SHARONE ASHIOYA OMWAKA, DR. ABRAHAM MALENYA (Ph.D)

Abstract


The main objective of this study was to assess financial risk and performance of pension schemes, a survey of pension schemes in Kenya. The study sought to establish the effect of market risk, liquidity risk, operational risk and credit risk on performance of pension schemes in Kenya. This study adopted descriptive research design and the target population was pension schemes in Kenya. A sample size of 303 pension schemes was involved in this study.  The pension schemes were selected using simple random sampling technique, and data collection sheet issued per pension scheme selected. In every pension scheme, one respondent was selected from the middle level management using purposive random sampling technique. Quantitative data collected was analyzed by descriptive and inferential analysis.  Statistical Package for Social Sciences (SPSS helped the researcher to analyze the data. The findings were presented using tables, pie charts and bar graphs. The results indicated that market risk, credit risk, liquidity risk and operational risk negatively affected performance of pension schemes in Kenya. Therefore, the study concluded that financial risks negatively affect performance of pension schemes in Kenya.
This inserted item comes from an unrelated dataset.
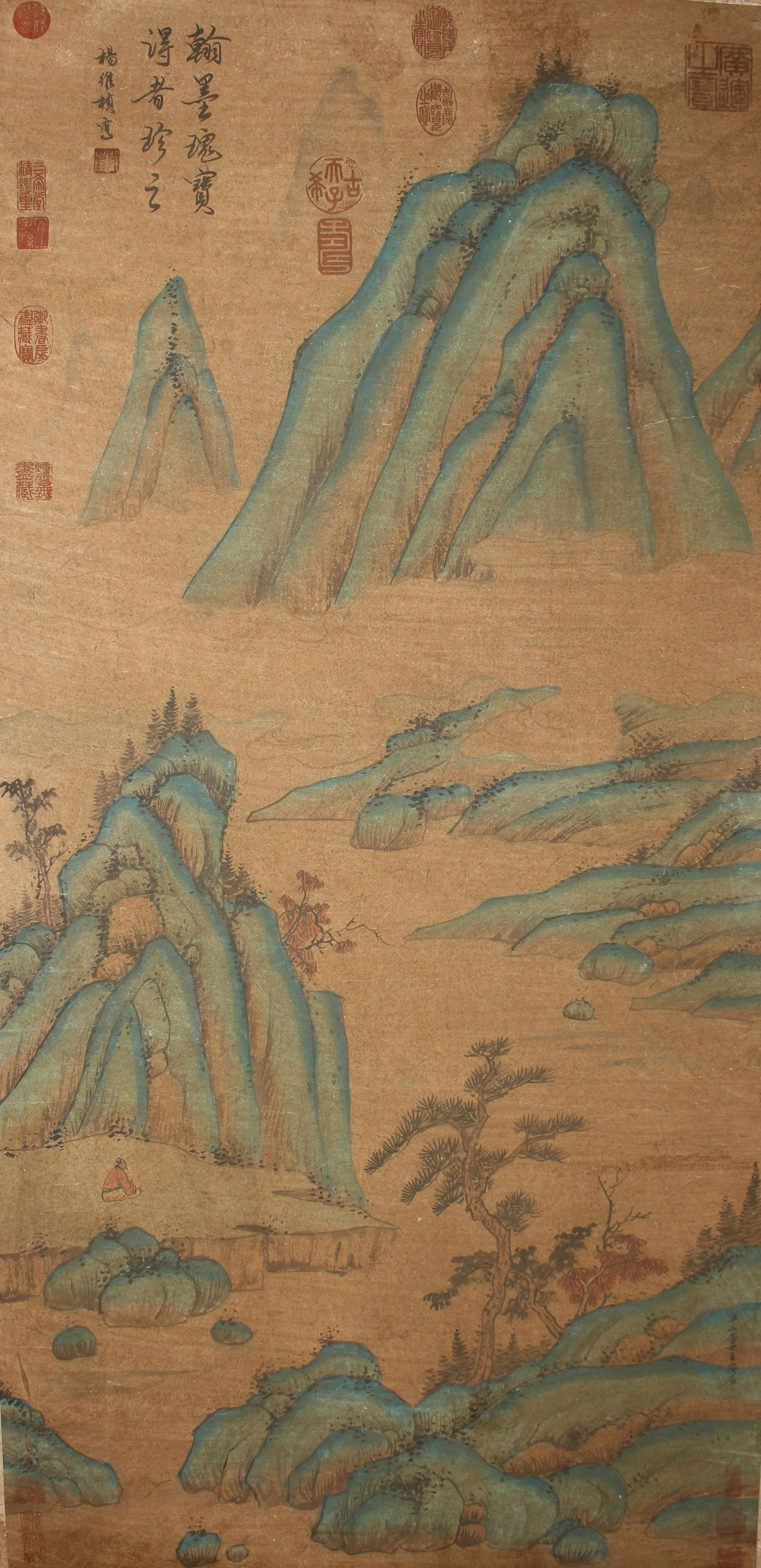 A Chinese Blue-coding Mountain-view Fortune Scroll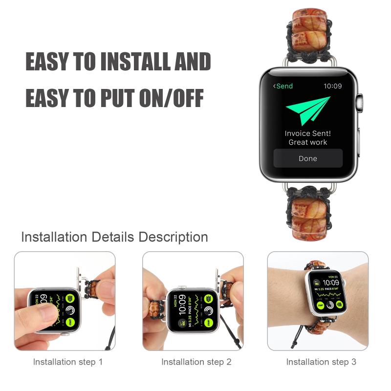 Λουρί για Apple Watch Ultra 49mm & Watch Ultra 2 49mm / Series 9 & 8 & 7 45mm / SE 3 & SE 2 & 6 & SE & 5 & 4 44mm / 3 & 2 & 1 42mm από Ξύλινες Χάντρες (Σχέδιο Ανοιχτό Καφέ)

The study recommended that managers of pension schemes in Kenya should put in place conventional risk management where they should adopt proactive approaches and be forewarned by developing regulatory insight to avoid legal risks.

Key Words: Market Risk, Liquidity Risk, Operational Risk, Credit Risk

CITATION: Omwaka, S. A., & Malenya, A. (2020). Financial risk and performance of pension schemes a survey of pension schemes in Kenya. The Strategic Journal of Business & Change Management, 7(3), 912 – 929.